Would you buy one at this price?  I wouldn't but it would be interesting to taste one.


----------



## fureverywhere (Jan 16, 2016)

I would taste it sure. But pay that much? Nahhh, not even if I hit Powerball.


----------



## SifuPhil (Jan 16, 2016)

I wonder what the effect of eating a metal like gold is ... 

I'm holding out for gold-plated TP. That'll be next.


----------



## Pappy (Jan 17, 2016)

I use a gold product, too. It's called Gold Bond lotion and powder.


----------



## SifuPhil (Jan 17, 2016)

Pappy said:


> I use a gold product, too. It's called Gold Bond lotion and powder.



Hey, you've just made me realize - I use Gold Medal flour! :cower:


----------



## Pappy (Jan 17, 2016)

And, I watched Golden Pond. :lame:


----------



## SifuPhil (Jan 17, 2016)

I hope you were munching on Golden Grahams while you did. 

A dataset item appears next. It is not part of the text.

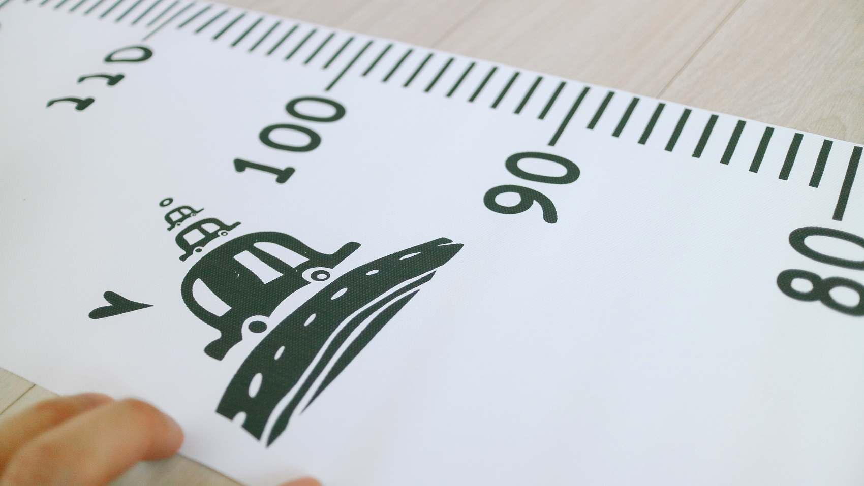 캔버스 천으로 되어 있어 찢어짐 없이 오랜기간동안 사용할 수 있고, 벽걸이 설치 시 성인, 영유아까지 다양한 연령층이 키재기를 사용할 수 있다. 신생아, 아기 때는 바닥면에 펼쳐놓고, 아기를 뉘어 측정해 주면 된다.
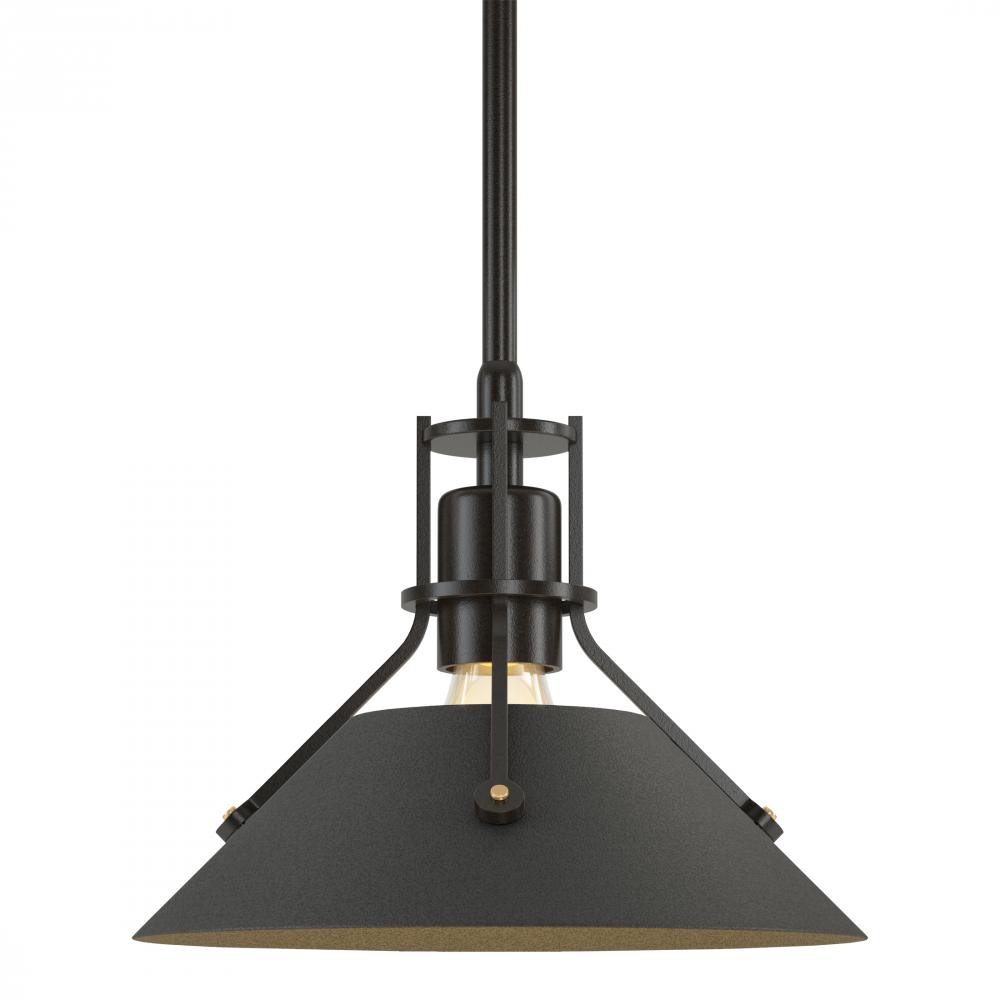 Our Henry Mini Pendant with its brass-riveted, spun-metal shade and stark design delivers strong industrial aesthetics. A close look will reveal a level of craftsmanship beyond the norm. Handcrafted by artisans here at our Vermont forge each piece is unique.

Me? I'd have been drinking Goldschläger.


----------



## Pappy (Jan 17, 2016)

No, but I did get a golden retriever. :drinking:


----------



## SifuPhil (Jan 17, 2016)

Aww ... can I give him some Goldfish crackers?


----------



## Pappy (Jan 17, 2016)

I always wanted a gold toof. 
And to think a golden donut started all this. Sorry, SB.


----------



## Yaya (Jan 17, 2016)

SifuPhil - You have the best sense of humor I have ever seen and you can always think of the perfect thing to say. Only a very intelligent person can do that. You are the gold of this website. Don't ever leave us.


----------



## Yaya (Jan 17, 2016)

That gold donut would make some very expensive poop too.


----------



## SifuPhil (Jan 17, 2016)

Yaya said:


> SifuPhil - You have the best sense of humor I have ever seen and you can always think of the perfect thing to say. Only a very intelligent person can do that. You are the gold of this website. Don't ever leave us.



Awww *blush* thank you so much! 

I'd never consider leaving here, but SeniorFunHouse,com DID make me a lucrative offer the other day ... epper:


----------



## Falcon (Jan 17, 2016)

"All that glitters is not gold",  said the monkey as he peed into the cash register.


----------